An illegal release of some high-profile athletes' medical data in 2016 showed Biles had tested positive for methylphenidate - the official name for Ritalin, another common medication for the treatment of ADHD. The situation led the then-19-year-old star to publicly address her ADHD diagnosis and say she's taken the medication since she was a child to manage her symptoms.

"Having ADHD, and taking medicine for it is nothing to be ashamed of," Biles tweeted at the time. "Nothing that I'm afraid to let people know."

Ahead of the 2016 Rio Olympics, Biles filed for a "therapeutic use exemption" through the World Anti-Doping Agency, which enabled her to continue taking the drug throughout her breakout competition.

While the laws in Japan are extremely stringent when it comes to stimulants, they're slightly more lax about psychotropics, the class of drugs under which Ritalin is categorized. Athletes and nonathletes alike can apply for a Yakkan Shoumei - an "import certificate" allowing for the import of some otherwise prohibited drugs - that permits them to bring up to 2.16g of their methylphenidate into the country.

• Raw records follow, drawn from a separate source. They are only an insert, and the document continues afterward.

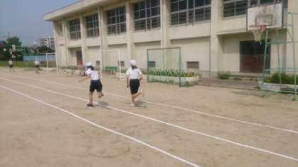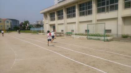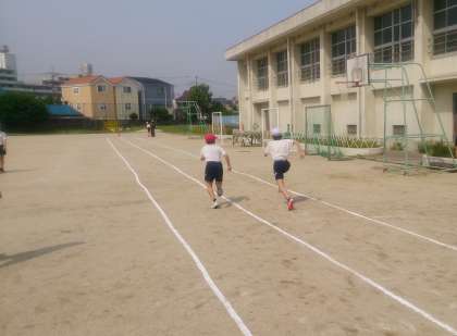 スポーツテストがはじまりました。写真は、50m走に取り組む子どもたちの様子です。
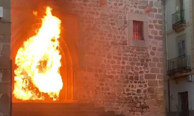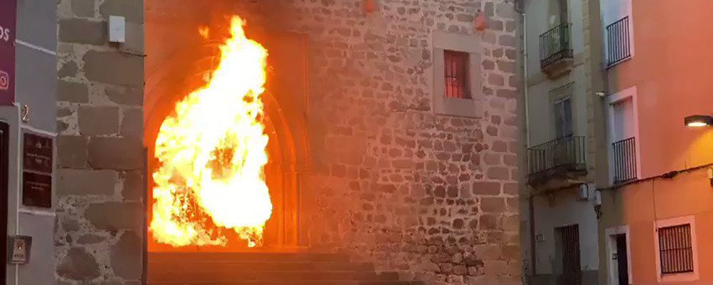 «Ha habido algún momento de miedo porque en el interior se almacenaban las bombonas de butano que se utilizan para la calefacción», añadió Fernando Pizarro, que precisó también que «el fuego traspasó la puerta sur (la principal es la norte), que se ha quemado, y llenó todo el templo de humo, que salió por la cubierta de la iglesia. Cuando nos hemos podido acercar al retablo, que es una joya, hemos podido ver que estaba dañado por el humo pero no por el fuego», recoge el mismo medio
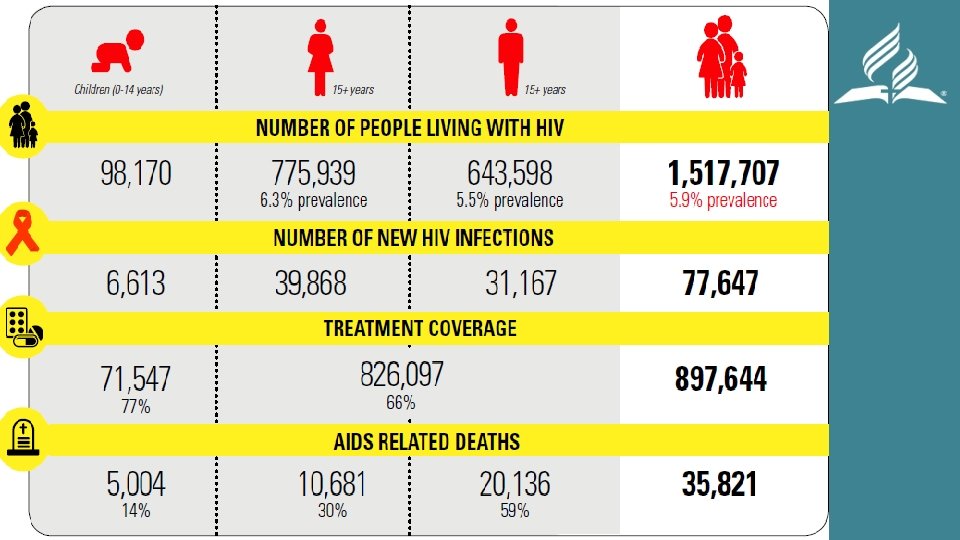 CHURCHES INVOLVED IN HIV/AIDS ACTIVITIES ENTITY CHURCHES 1 ST QUARTER 2018 COMPANIES 1 ST QUARTER 2018 MEMBERSHIP 1 ST QUARTER 2018 THOSE INVOLVED IN HIV PROGRAMS CNC 360 171 62786 6 GRVC 540 488 65783 0 KLC 722 177 97563 20 NWKC 473 543 44681 261 RC 876 323 168107 6 TOTAL 2961 1701 438920 293 LVF source: WKUC statistical data. 1 st quarter, 2018
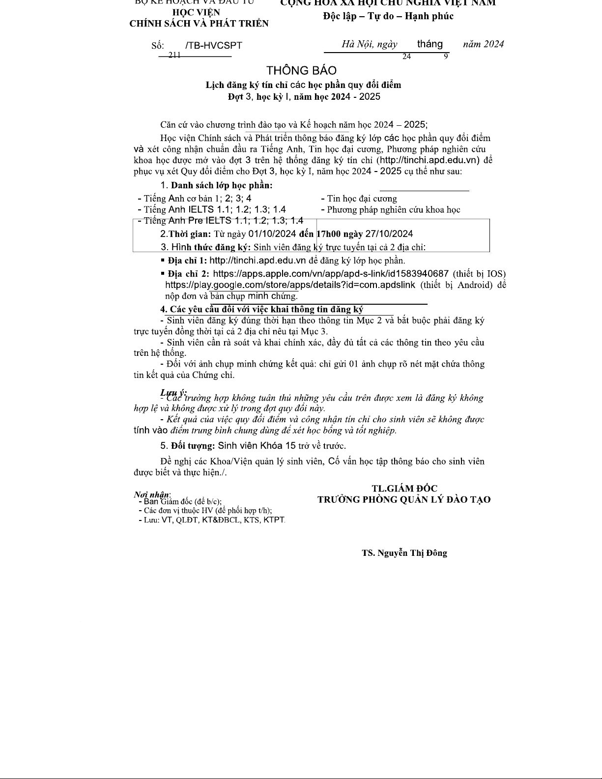 Thông Báo Quy Đổi Điểm Đợt 3 - Học Kỳ I Năm Học 2024-2025
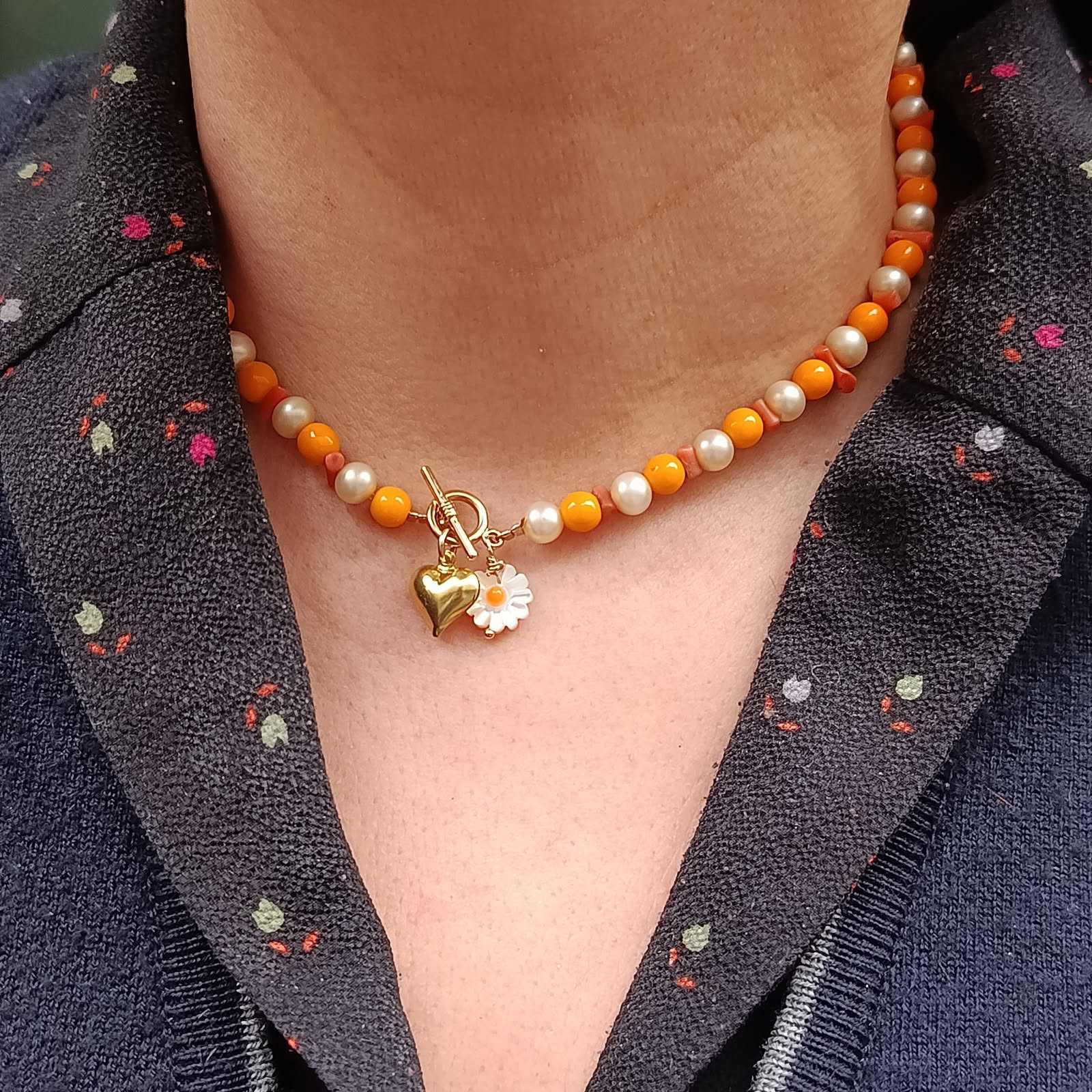 -2- perles vintage coloris mandarine et éclats de corail

Simone Biles looks on during the Tokyo Olympics.
Biles. Gregory Bull/AP Images

If she filled out and submitted a Yakkan Shoumei, Biles was covered to continue taking Ritalin in Tokyo without fear of arrest. So while it's impossible to determine what has caused Biles' case of "the twisties," a lack of medication is almost certainly not to blame.

Biles is still eligible for the remaining four women's artistic gymnastics events in Tokyo, though it remains unclear whether she'll participate. Her next chance to get back into the gym is on Sunday for the vault final. The balance beam, floor, and uneven bars finals - all of which Biles has qualified for - will take place later in the week.

A previous version of this article suggested that Biles may not have been able to bring her ADHD medication to Japan. It has been updated to reflect information provided via Team USA and additional sources.